Halkın rahmetli kraliçeye duyduğu sevgiden şüphe yok ve BBC gazetecileri Kuzey Kore’de yersiz olmayacak olan keder nöbetlerini kamçılıyor.
BBC’den Johnny Diamond ve Nicholas Witchell, Kraliçe’nin hizmete özverili bağlılığı ve ulusun bitmeyen kederi hakkında aklınıza gelebilecek tüm duygusal basmakalıp ifadeyi söyletti.
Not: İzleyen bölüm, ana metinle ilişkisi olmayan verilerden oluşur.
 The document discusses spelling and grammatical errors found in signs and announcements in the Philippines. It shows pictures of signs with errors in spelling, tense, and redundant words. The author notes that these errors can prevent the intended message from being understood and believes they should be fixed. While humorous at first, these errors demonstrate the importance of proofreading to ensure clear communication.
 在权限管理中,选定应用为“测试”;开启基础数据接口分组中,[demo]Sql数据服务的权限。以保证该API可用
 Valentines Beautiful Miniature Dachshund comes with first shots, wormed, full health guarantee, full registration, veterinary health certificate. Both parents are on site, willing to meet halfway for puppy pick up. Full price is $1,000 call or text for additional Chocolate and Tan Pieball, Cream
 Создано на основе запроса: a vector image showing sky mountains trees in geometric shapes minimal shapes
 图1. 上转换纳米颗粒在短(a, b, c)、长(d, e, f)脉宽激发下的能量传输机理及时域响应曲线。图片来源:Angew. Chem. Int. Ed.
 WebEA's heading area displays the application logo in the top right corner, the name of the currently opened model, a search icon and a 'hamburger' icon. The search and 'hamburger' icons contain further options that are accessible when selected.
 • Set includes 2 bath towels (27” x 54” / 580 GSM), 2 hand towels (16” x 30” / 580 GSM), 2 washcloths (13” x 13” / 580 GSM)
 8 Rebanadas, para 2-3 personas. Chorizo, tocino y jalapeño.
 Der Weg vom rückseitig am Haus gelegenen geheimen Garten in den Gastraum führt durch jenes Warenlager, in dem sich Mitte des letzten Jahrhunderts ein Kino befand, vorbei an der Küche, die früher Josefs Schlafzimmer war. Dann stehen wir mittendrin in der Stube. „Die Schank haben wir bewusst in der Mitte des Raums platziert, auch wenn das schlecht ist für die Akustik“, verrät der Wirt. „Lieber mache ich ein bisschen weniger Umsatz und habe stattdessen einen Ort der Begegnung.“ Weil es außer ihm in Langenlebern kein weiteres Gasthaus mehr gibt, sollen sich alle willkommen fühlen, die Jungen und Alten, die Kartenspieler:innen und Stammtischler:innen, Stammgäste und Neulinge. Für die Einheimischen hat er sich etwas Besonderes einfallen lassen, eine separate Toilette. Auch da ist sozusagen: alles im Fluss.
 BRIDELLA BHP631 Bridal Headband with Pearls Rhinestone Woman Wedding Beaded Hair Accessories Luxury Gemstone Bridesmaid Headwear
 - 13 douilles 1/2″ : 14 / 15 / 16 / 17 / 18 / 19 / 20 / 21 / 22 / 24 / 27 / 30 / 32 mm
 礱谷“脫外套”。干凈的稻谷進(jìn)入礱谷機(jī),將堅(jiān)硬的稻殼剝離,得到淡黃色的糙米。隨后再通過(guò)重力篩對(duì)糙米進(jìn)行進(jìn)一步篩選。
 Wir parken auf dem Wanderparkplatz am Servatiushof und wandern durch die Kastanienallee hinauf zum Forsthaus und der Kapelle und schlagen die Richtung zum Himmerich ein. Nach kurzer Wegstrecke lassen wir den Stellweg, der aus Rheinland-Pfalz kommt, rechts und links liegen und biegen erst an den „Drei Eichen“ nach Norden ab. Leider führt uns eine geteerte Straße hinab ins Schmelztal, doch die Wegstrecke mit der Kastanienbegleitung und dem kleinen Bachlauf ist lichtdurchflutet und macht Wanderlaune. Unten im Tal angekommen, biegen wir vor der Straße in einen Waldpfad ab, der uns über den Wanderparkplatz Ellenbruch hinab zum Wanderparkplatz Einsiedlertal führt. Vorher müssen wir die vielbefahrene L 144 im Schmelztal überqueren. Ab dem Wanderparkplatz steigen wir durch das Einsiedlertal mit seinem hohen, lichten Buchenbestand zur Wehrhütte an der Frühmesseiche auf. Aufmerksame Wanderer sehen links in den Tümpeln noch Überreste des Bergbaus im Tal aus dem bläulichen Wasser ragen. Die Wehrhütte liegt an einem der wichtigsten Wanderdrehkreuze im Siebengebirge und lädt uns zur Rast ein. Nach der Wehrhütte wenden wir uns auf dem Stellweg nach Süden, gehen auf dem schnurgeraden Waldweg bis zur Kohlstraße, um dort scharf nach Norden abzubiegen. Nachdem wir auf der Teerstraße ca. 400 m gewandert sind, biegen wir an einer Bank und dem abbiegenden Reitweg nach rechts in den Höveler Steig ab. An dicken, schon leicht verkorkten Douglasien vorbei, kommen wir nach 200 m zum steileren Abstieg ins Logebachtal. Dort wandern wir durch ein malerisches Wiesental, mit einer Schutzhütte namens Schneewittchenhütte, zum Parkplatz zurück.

Yine de kraliçenin saltanatı hakkındaki nesnel bir görüş, onun kişisel niteliklerini, monarşinin son 70 yılda Britanya’nın emperyalist çıkarlarının, entrikalarının ve suçlarının hizmetinde oynadığı rolden ayırmalıdır.
Örnekler sıralanamayacak kadar çoktur ama kraliçenin taç giydiği günden bu yana yaşanan her büyük krizde, sorunlu bir sömürgecilikten arındırma döneminin ortasında, kraliçe üzerine düşeni yaptı.
1953’te İran’daki Britanya ve ABD destekli darbeden önce ve sonra, Britanya’nın İran Şahı’yla yakın bağları, monarşinin yeni sömürge siyasalarını meşrulaştırma biçiminin mükemmel bir örneğidir.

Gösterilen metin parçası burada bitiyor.